Anthropic has upgraded the Claude 3.5 series models, allowing you to operate the computer like a human!

Author：Eve Cole Update Time：2024-12-09 17:48:01

The editor of Downcodes learned that the artificial intelligence company Anthropic has upgraded the Claude 3.5 series of models and launched the new Claude 3.5 Sonnet and Claude 3.5 Haiku. The core highlight of this upgrade is that it greatly improves coding capabilities and gives Claude the ability to simulate human operations on computers, marking Anthropic's important step in expanding commercial AI models into comprehensive "AI agents." Sonnet’s score on SWE-bench Verified increased to 49.0%, surpassing all publicly available models, including OpenAI’s o1-preview model. Haiku performs well in multiple intelligent benchmark tests with faster speed and more accurate command following capabilities. This upgrade will bring more powerful AI assistance tools and a more convenient experience to developers and users.

Artificial intelligence company Anthropic announced major upgrades to the Claude 3.5 series of models, including the new Claude 3.5 Sonnet and Claude 3.5 Haiku. The upgraded version claims to allow artificial intelligence to take over your PC, performing basic tasks such as simulating keyboard input and mouse clicks to use any application installed on your computer.

Coding capabilities are significantly improved, surpassing the OpenAI o1-preview model

The new Claude3.5Sonnet has been significantly improved in all aspects, especially in terms of coding capabilities. Its score on SWE-bench Verified increased from 33.4% to 49.0%, surpassing all publicly available models, including OpenAI's o1-preview model.

Additionally, its performance on TAU-bench has improved, especially in the retail and aviation sectors. All this while maintaining the same price and speed as its predecessor.

Customer feedback shows that the upgraded Claude3.5Sonnet has made a qualitative leap in AI coding. For example, GitLab tested this model for DevSecOps tasks and found significant improvements in reasoning capabilities without increasing latency.

Claude3.5Haiku is Claude's next-generation fastest model , outperforming Claude3Opus at the same cost and speed, and performing well on multiple smart benchmarks, especially on encoding tasks. Claude3.5Haiku's low latency and more accurate command following capabilities make it very suitable for the generation of user interface products and personalized experiences.

Operate computers like a human

The newly launched computer usage function is a completely new attempt . Officials say this is not to develop specific tools for Claude, but to teach it general computer skills so that it can use a variety of standard tools and software programs.
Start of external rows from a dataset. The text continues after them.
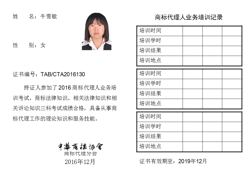 首页 > 代理分会 > 合格证书查询 > 2016年商标代理人业务培训考试合格证书 > 北京万慧达知识产权代理有限公司
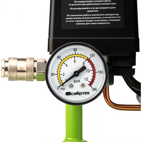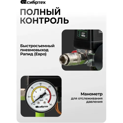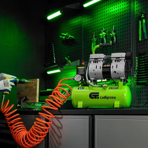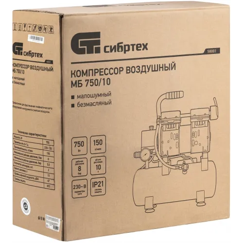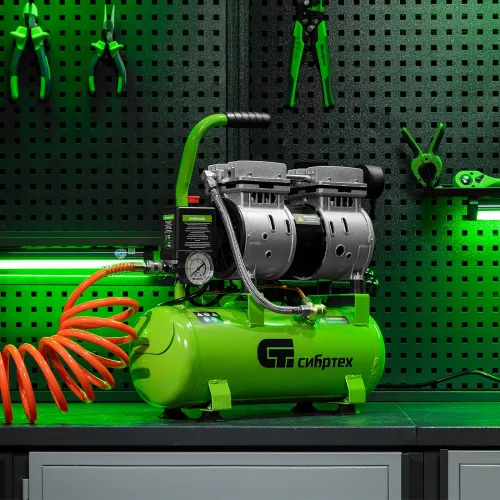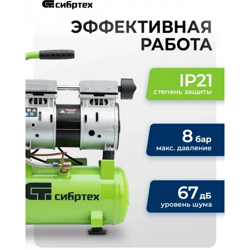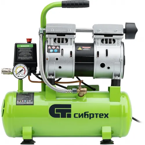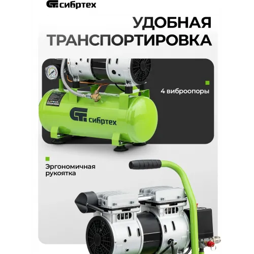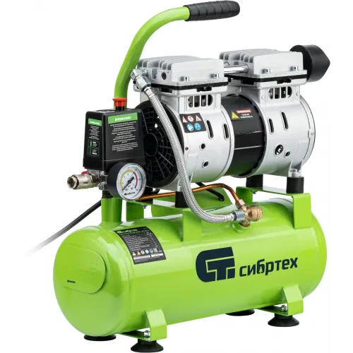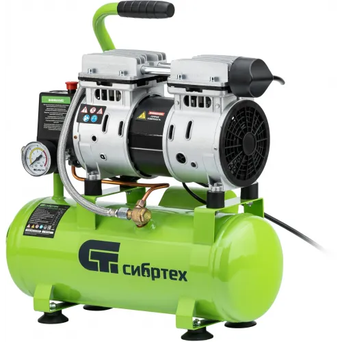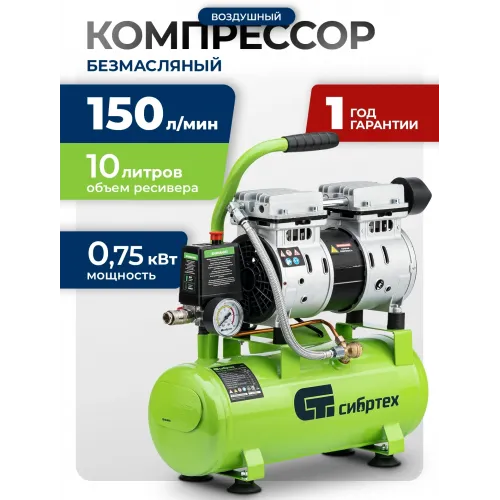Компрессор поршневой Сибртех МБ 750/10 безмасляный 150л/мин 10л 750Вт зеленый
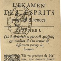 - L'examen des esprits pour les sciences où se monstrent les différences d'Esprits...augmenté de la derniere impression d'Espagne
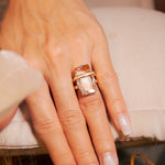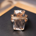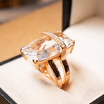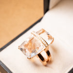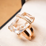 Anel de ouro rosê com diamantes e cristal de rocha. Largura 2.2cm. Aro 16. Peso 9.6g.
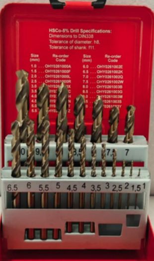 Díky kvalitní materiálové specifikaci HSSCo5 (rychlořezná ocel s 5 % kobaltu) nabízejí vrtáky vyšší tepelnou odolnost, delší životnost a lepší výkon při vrtání oceli, nerezové oceli V2A/V4A, šedé litiny či žáru- a kyselinovzdorných materiálů.
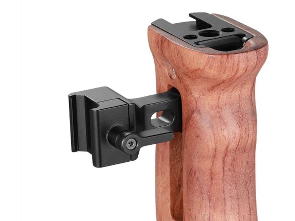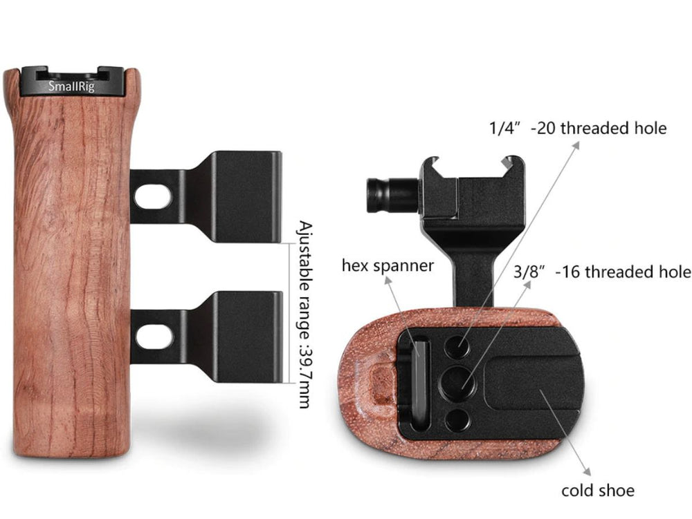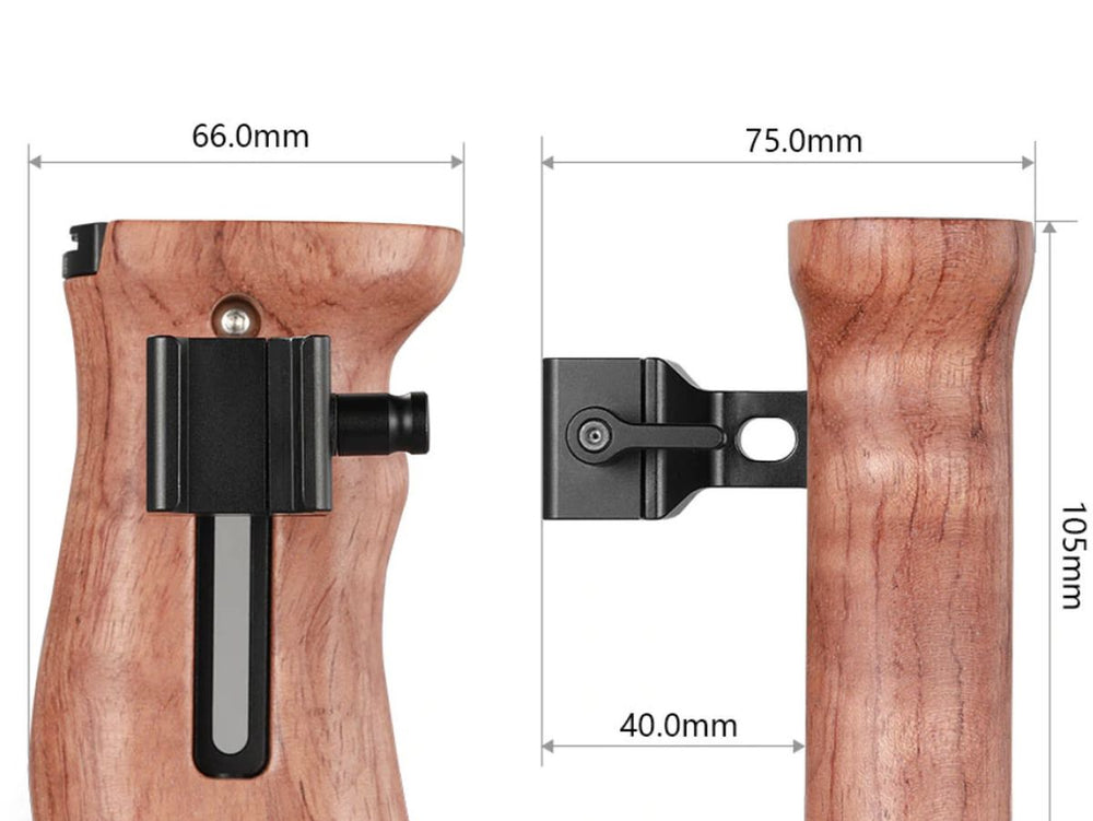 The SmallRig 2187 is designed to enhance your filming and photography experience by providing superior comfort and grip. Constructed from high-quality wood, this handle is compatible with any cage equipped with a NATO rail on the side. One of its standout features is its adjustable height, allowing you to customize your hold depending on your shooting style, and it can be mounted on either the left or right side of your setup.
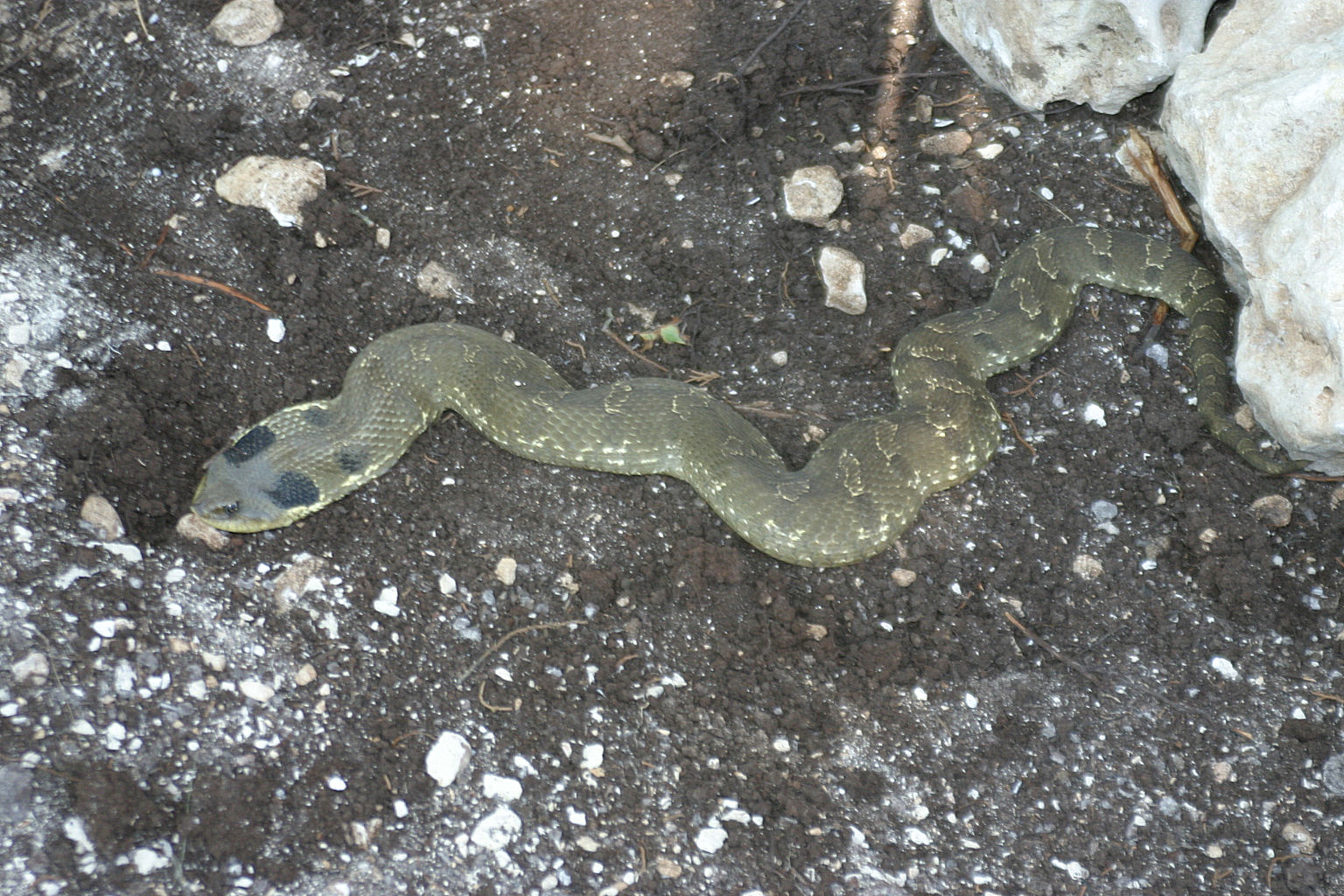 When this non-venomous snake is first encountered, it will flare its neck and head so that it somewhat resembles a cobra and hiss very loudly! If this doesn’t scare you away, the snake may roll over on its back with its mouth open and “play dead.” If you roll it back upright, it will flip itself back onto its back, as though insisting that it is dead!
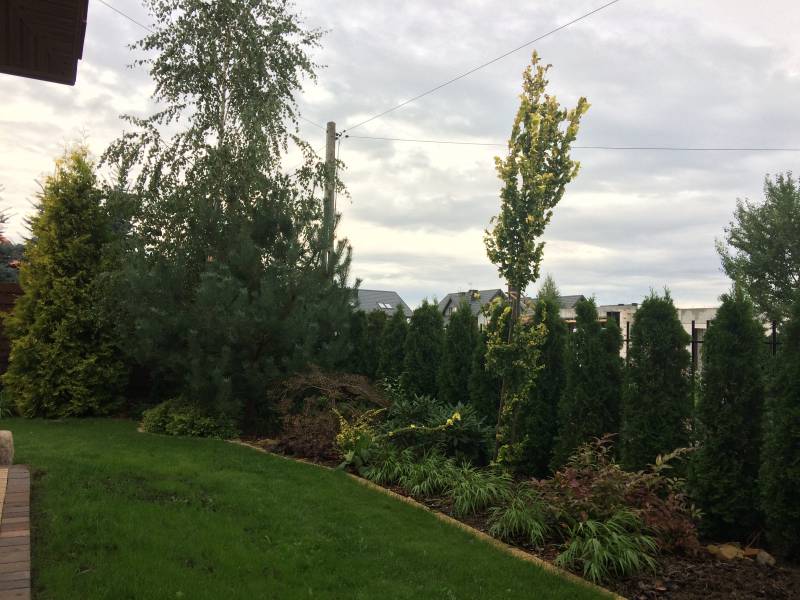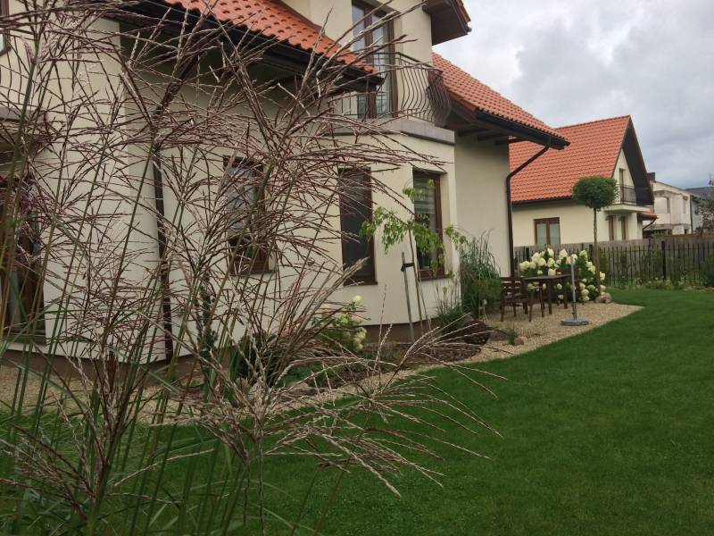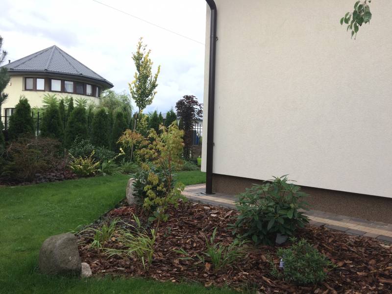 za domem już całkiem nieźle trawa wzeszła, oczywiście widzę sporo dziur, ale to raczej do dopracowania w przyszłym roku. Na razie z przyjemnością patrzę na okolice tyłu domu- miejsca które usilnie omijałam wzrokiem- jest opaska, schludny trawnik, nowa rabata rodkowa.
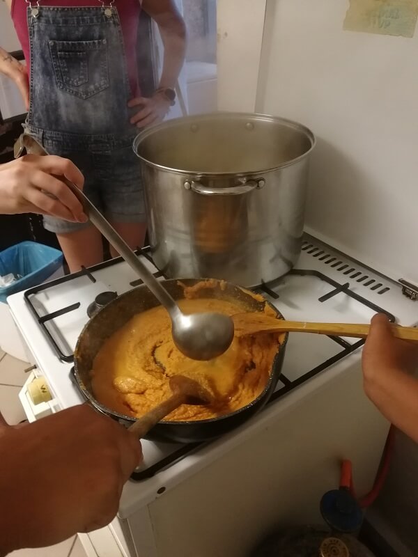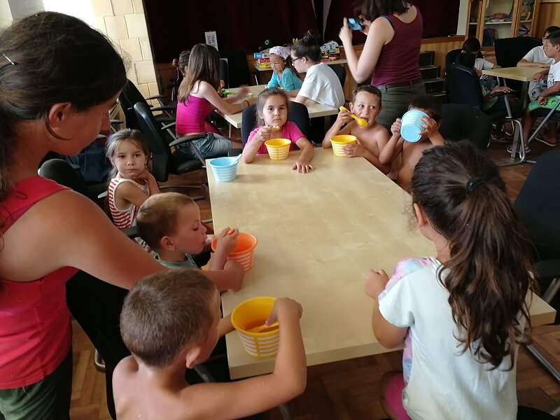 Amikor feltettük főzni a levest, akkor a baba-mama klub szobájából előkerült egy várandóssági könyv is, annak kapcsán pedig ezernyi kérdés a lányokról a terhesség és szülés kapcsán, miközben ők is meséltek, hogyan születtek a tesók, kihez milyen sztori kapcsolódik. Tulajdonképpen a közös főzés is egy igazi csajos klubbá alakult, ahol őszintén lehetett beszélgetni mindenről, miközben a háttérben rotyogtak a finom levesek. Tiszta idill. Másnap ezekkel a levesekkel vendégeltük meg a gyerekeket a kultúrban, ami szuper lezárása volt a második tábornak.
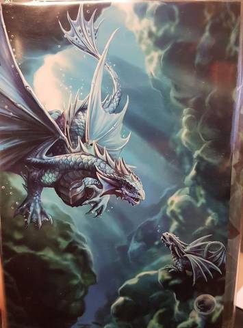 Step into a world of fantasy with "Draco Aqua – Water Dragon", a breathtaking art card by renowned fantasy artist Anne Stokes. This striking illustration features a majestic aquatic dragon with shimmering silver-blue scales, emerging powerfully through a lush canyon waterfall. With wings unfurled and claws extended, the dragon’s motion is both graceful and commanding—embodying the spirit of water in its purest, most magical form.
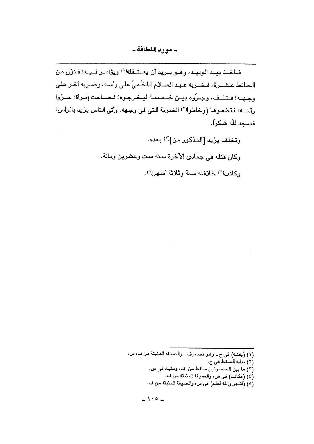 فَأخذ بيد الْوَلِيد، وَهُوَ يُرِيد أَن يعتقله ويؤامر فِيهِ؛ فَنزل من الْحَائِط عشرَة؛ فَضَربهُ عبد السَّلَام اللَّخْمِيّ على رَأسه، وضربه آخر على وَجهه؛ فَتلف، وجروه بَين خَمْسَة ليخرجوه؛ فصاحت إمرأة: حزوا رَأسه؛ فقطعوها (وخاطوا الضَّرْبَة الَّتِي فِي وَجهه. وأتى النَّاس يزِيد بِالرَّأْسِ؛ فَسجدَ لله شكرا.
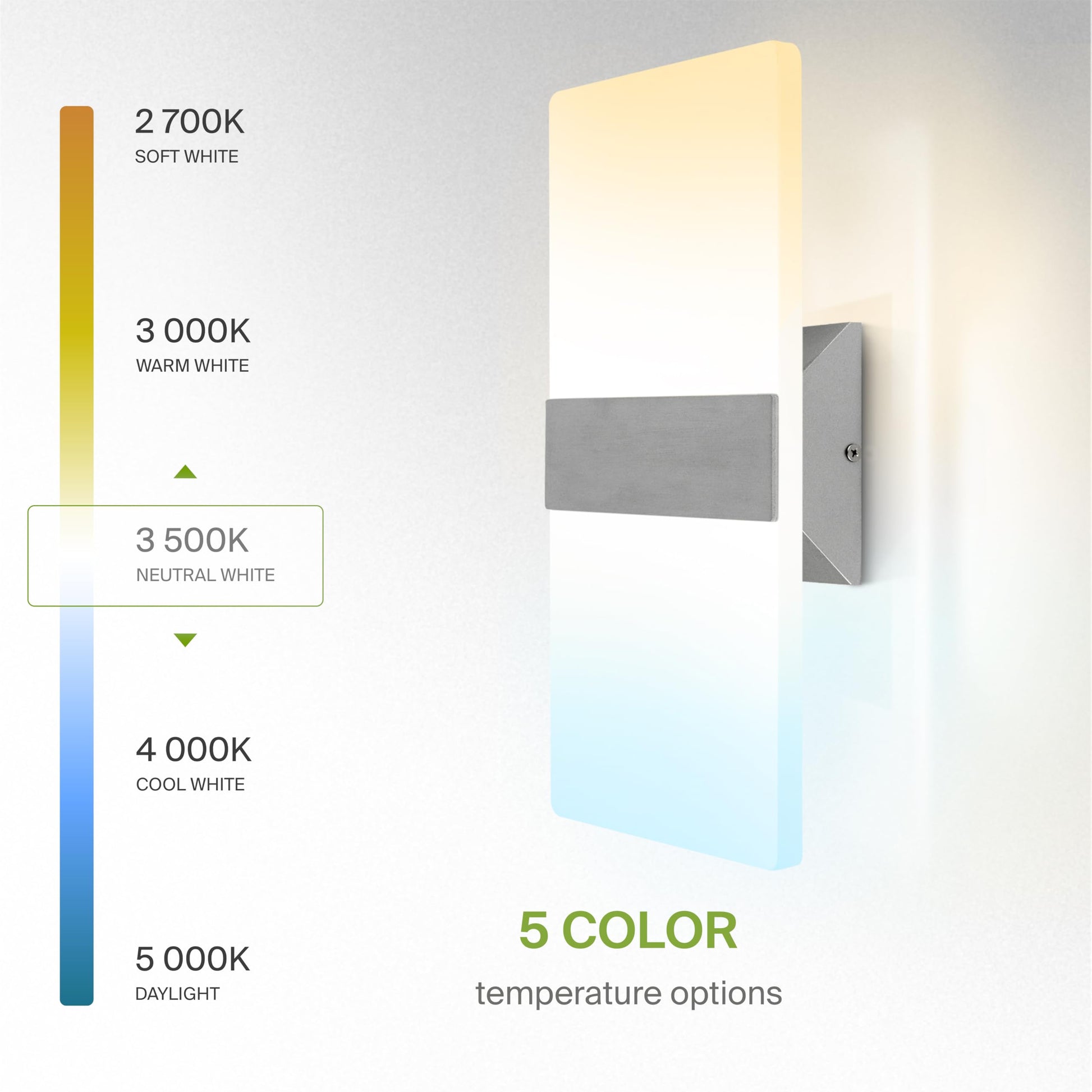 - COLOR SELECTABLE: Choose among 2700K Soft White, 3000K Warm White, 3500K Neutral White, 4000K Cool White, or 5000K Daylight color temperatures with a simple switch. The interior wall light fixture is designed to operate on 120V circuits.
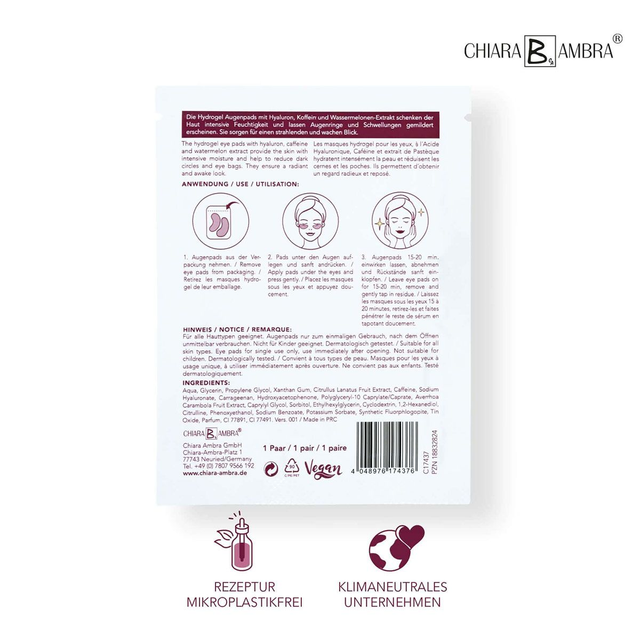 Die Augenmasken vorsichtig von der Hülle entfernen und direkt unter den Augen - auf der gereinigten Haut - positionieren. 15 - 20 Minuten einwirken lassen. Danach die Hydrogel Eye Pads abnehmen und Rückstände einmassieren.

Developers can use this capability to automate repetitive processes, build and test software, conduct open research, and more.

Of course, Claude's current ability to use computers still needs to be improved. Some simple operations, such as scrolling and dragging, are still challenging for Claude. To ensure safety, officials have also developed a new classifier that can identify whether computer use has caused potential harm.

"We are about to enter a new era where artificial intelligence can leverage all the tools you use as an individual to complete tasks," Jared Kaplan, Anthropic's chief scientific officer, said in an interview. An important step has been taken in expanding commercial AI models from traditional chat frameworks to full-scale "AI agents".

In one demo, Claude was asked to plan a trip for a friend to watch the sunrise over the Golden Gate Bridge. The AI not only opened the web page, but also found a suitable viewing spot on Google and added the itinerary to the calendar app. While this performance is impressive, Wired points out that it doesn't provide some additional information, such as how to get to your destination.

In addition, in another demonstration, Claude was asked to build a simple website. As a result, he successfully created a website using Microsoft's Visual Studio Code and opened the local server for testing. However, along the way, it encountered some minor bugs but successfully fixed the code when prompted.

Claude 3.5 Sonne demonstrated his ability to perform multi-step tasks on different software platforms by retrieving the required information from a customer relationship management system (CRM) to autonomously complete a supplier request form.

The upgraded Claude3.5Sonnet is now available to all users. Starting today, developers can build with computer beta on the Anthropic API, Amazon Bedrock, and Google Cloud’s Vertex AI. The new Claude3.5Haiku will be released later this month.

Official blog: https://www.anthropic.com/news/3-5-models-and-computer-use

Highlight:

Claude3.5Sonnet and Haiku models have been significantly upgraded, and their coding capabilities have been significantly improved.

? The newly launched computer usage function allows Claude to operate the computer like a human, opening up more possibilities.

? Using AI assistants brings safety risks, and Anthropic emphasizes gradual observation and improvement to ensure safety.

All in all, Anthropic's Claude 3.5 series model upgrade demonstrates the rapid development of AI technology and also indicates that AI will play a more powerful role in more fields in the future. Although there are still some challenges, its development prospects are worth looking forward to. The editor of Downcodes will continue to pay attention to the latest developments in this field and bring more exciting reports to readers.